Example 15 A laminated film was obtained in the same manner as in Example 1 except that spherical calcium carbonate having an average diameter of 0.3 μm was used as inert particles. Tables 3 and 4 show the details of the configuration and the evaluation results.

[0052]

[Table 1]

[Table 2]

[Table 3]

[Table 4] As described above, the laminated polyphenylene sulfide film of the present invention eliminates the conventional drawbacks, has excellent adhesiveness, and has a balance between mechanical properties and heat resistance.

[0053]

The laminated polyphenylene sulfide film of the present invention is excellent in adhesiveness and balanced in mechanical properties and heat resistance due to the above-mentioned constitution, so that it can be used for packaging, electrical insulation, and the like. It can be widely used for industrial purposes and the like, and its effects are more remarkably exhibited when it is used for, for example, an adhesive tape, an exterior of electric and electronic elements, and the like. Further, it can be used as a composite material by lamination with another film or lamination with paper, fiber sheet or glass cloth.

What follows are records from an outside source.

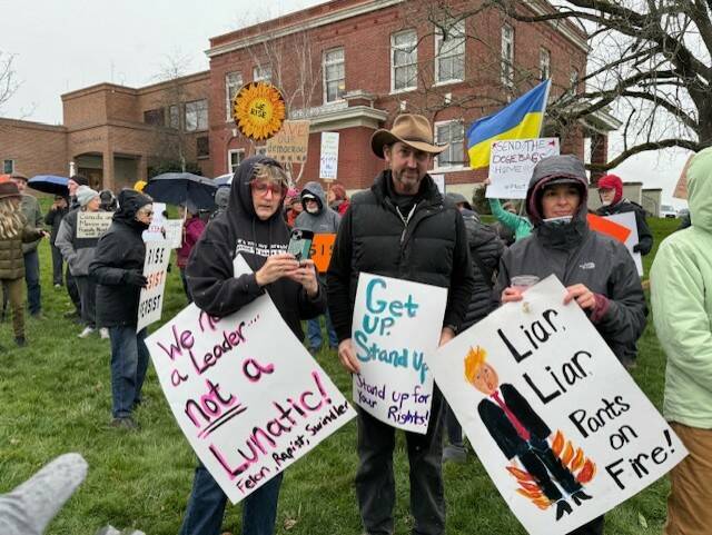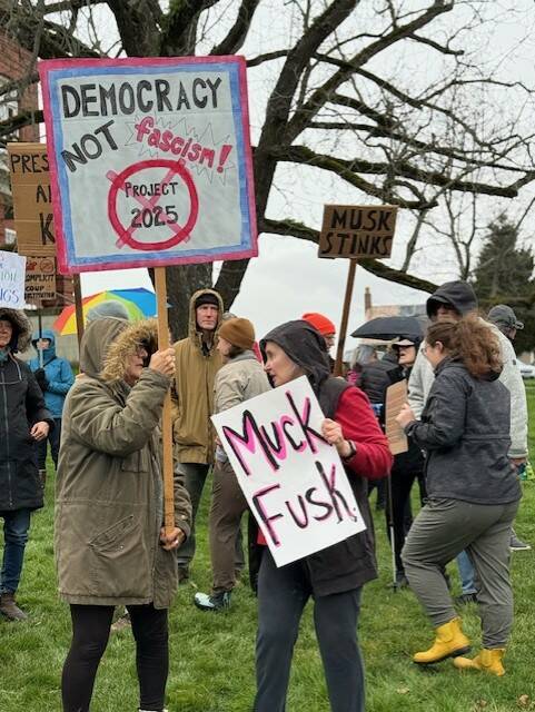 Never afraid to speak their mind, over 100 islanders stood in front of the courthouse at noon, Tuesday, March 12. Rain did not deter them from protesting against the new Department of Government Efficiency, many of President Trump’s executive orders and other moves by the administration.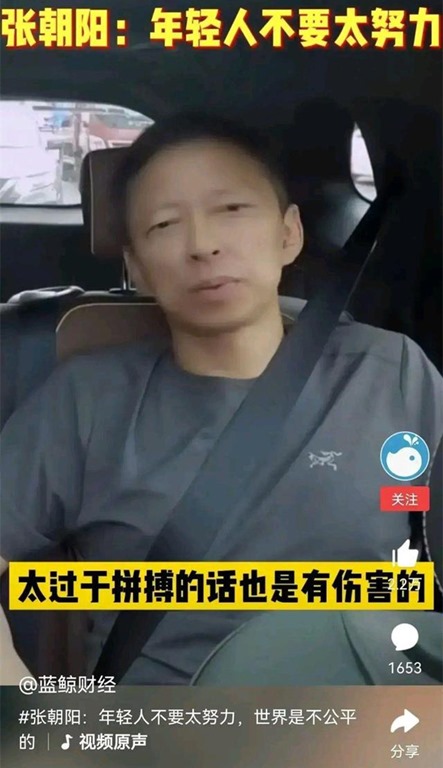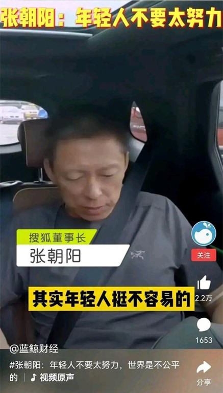 搜狐张朝阳说:如果你能力平平,家境普通,学历一般,怎么打拼也很难逆袭,或者连中产阶层也达不到,不如选择与自己和解。 规规矩矩做人,不给国家和社会添乱,不给父母增加负担,尽量让他们安享晚年。年轻人不要太努力,太过于拼搏的话也是有伤害的!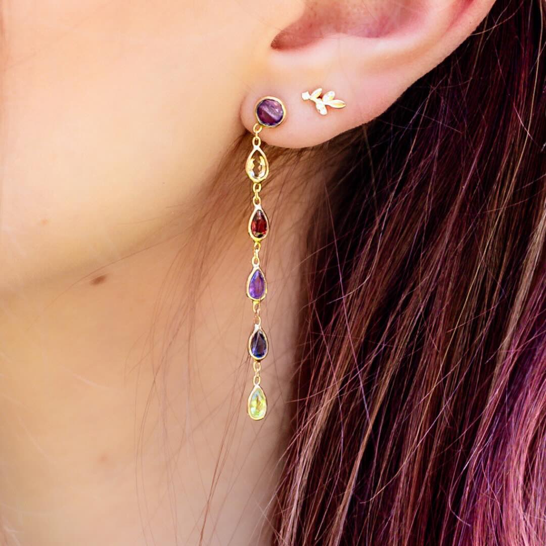 Boucles en argent plaqué or et cascade de goutte en pierres semi-précieuses

Continuation of front page (56) References JP-A-2-310049 (JP, A) (58) Fields investigated (Int. Cl. ⁷ , DB name) B32B 1/00-35/00 C08J 7/04

Claims (1)

(57) [Claims] 1. A thermoplastic resin composition comprising, on at least one side of a central portion comprising a biaxially oriented polyphenylene sulfide film, 0.01 to 30 parts by weight of a polyalkylene glycol with respect to 100 parts by weight of a thermoplastic resin. A laminated polyphenylene sulfide film having a surface layer laminated.